Copy out all the lines of the data precisely, omitting any pictures.

> _Data extract_:
[Start of section]
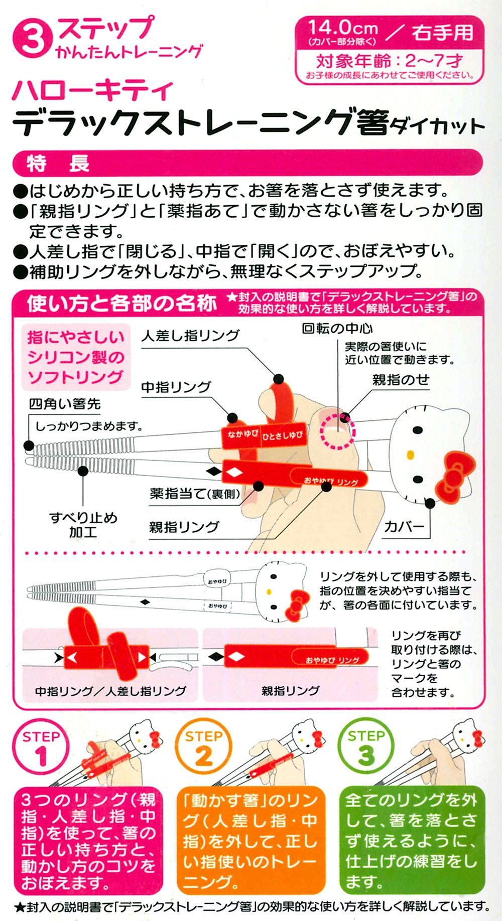Skater DX training chopsticks 14cm Hello Kitty bear and ribbon ADXT1D
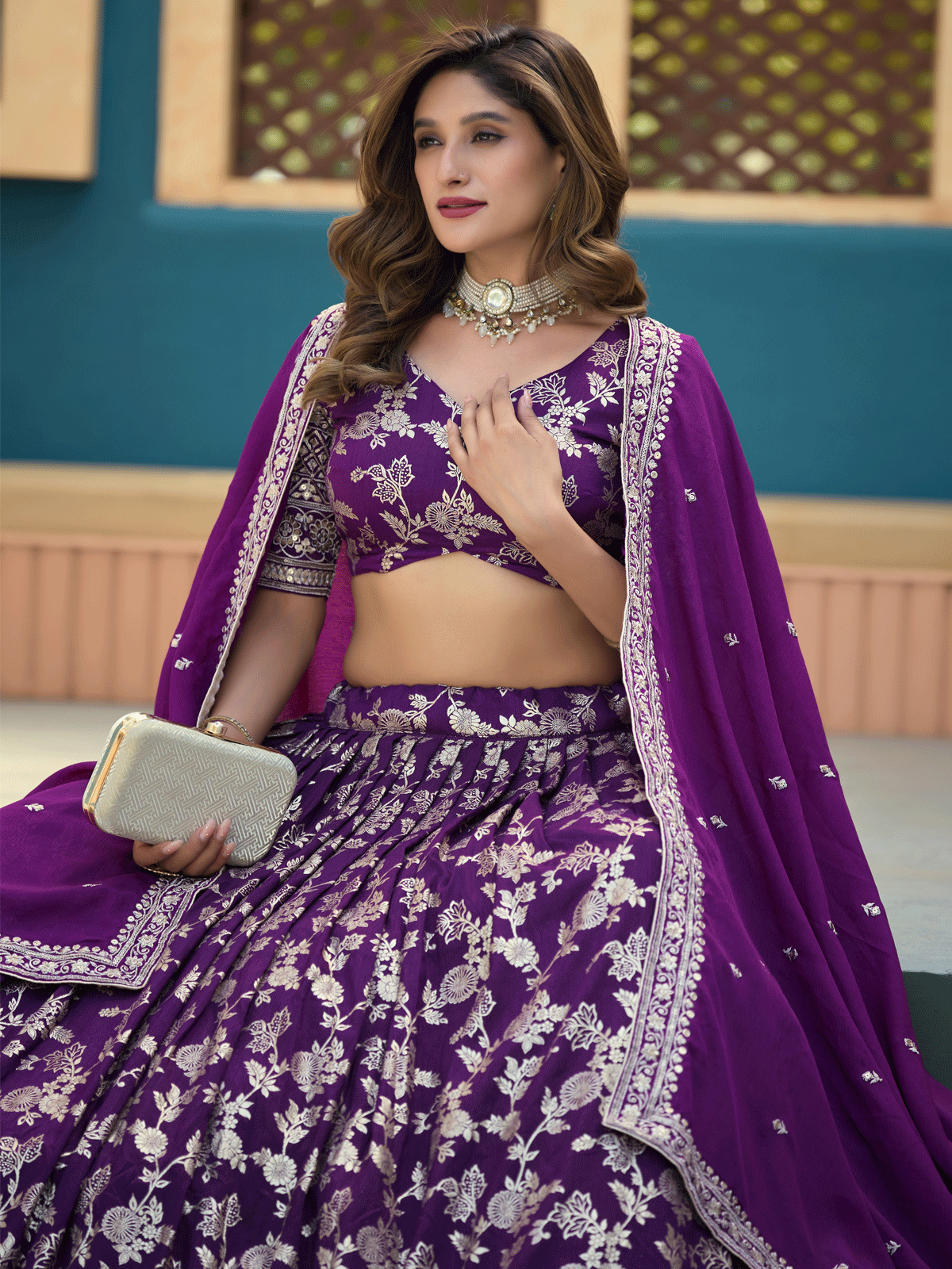 Embrace timeless sophistication in this Purple Dola Silk Jacquard Lehenga Choli from Inddus. Crafted from premium dola silk, this piece showcases exquisite jacquard weaving enhanced with intricate thread and sequins embroidery that catches light beautifully. The meticulous detailing delivers authentic traditional craftsmanship perfect for weddings and festive celebrations. The luxurious fabric drapes elegantly while the ornate embellishments create a striking visual impact. Ideal for those seeking refined ethnic wear that combines heritage artistry with contemporary styling, this lehenga choli makes a distinguished statement at any special occasion.
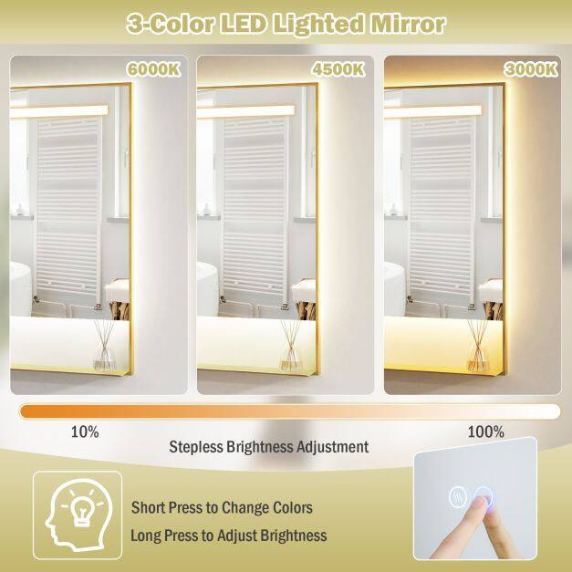 3-Color LED Lighted Mirror: Equipped with 3 LED color temperatures—3000K warm light, 4500K natural light and 6000K cool light—this mirror allows you to customize your illumination. You can also adjust brightness steplessly from 10% to 100%. There is a short press to change colors and a long press to adjust brightness.
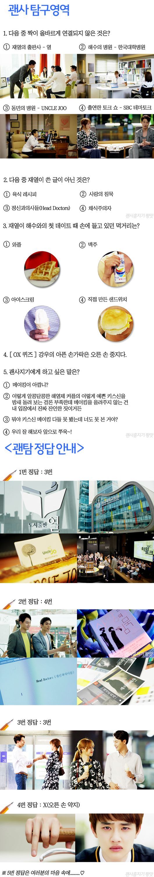 그리고 극 중 인기작가인 재열이 쓴 글이 아닌 내용을 찾는 질문과 재열이 해수와 첫 데이트 때 손에 들고 있던 음식에 대한 질문과 강우(디오 분)가 아파하는 손가락을 묻는 디테일한 문제가 선보이기도 했다.
[End of section]
> _Solution to the problem_:
Skater DX training chopsticks 14cm Hello Kitty bear and ribbon ADXT1D
 Embrace timeless sophistication in this Purple Dola Silk Jacquard Lehenga Choli from Inddus. Crafted from premium dola silk, this piece showcases exquisite jacquard weaving enhanced with intricate thread and sequins embroidery that catches light beautifully. The meticulous detailing delivers authentic traditional craftsmanship perfect for weddings and festive celebrations. The luxurious fabric drapes elegantly while the ornate embellishments create a striking visual impact. Ideal for those seeking refined ethnic wear that combines heritage artistry with contemporary styling, this lehenga choli makes a distinguished statement at any special occasion.
 3-Color LED Lighted Mirror: Equipped with 3 LED color temperatures—3000K warm light, 4500K natural light and 6000K cool light—this mirror allows you to customize your illumination. You can also adjust brightness steplessly from 10% to 100%. There is a short press to change colors and a long press to adjust brightness.
 그리고 극 중 인기작가인 재열이 쓴 글이 아닌 내용을 찾는 질문과 재열이 해수와 첫 데이트 때 손에 들고 있던 음식에 대한 질문과 강우(디오 분)가 아파하는 손가락을 묻는 디테일한 문제가 선보이기도 했다.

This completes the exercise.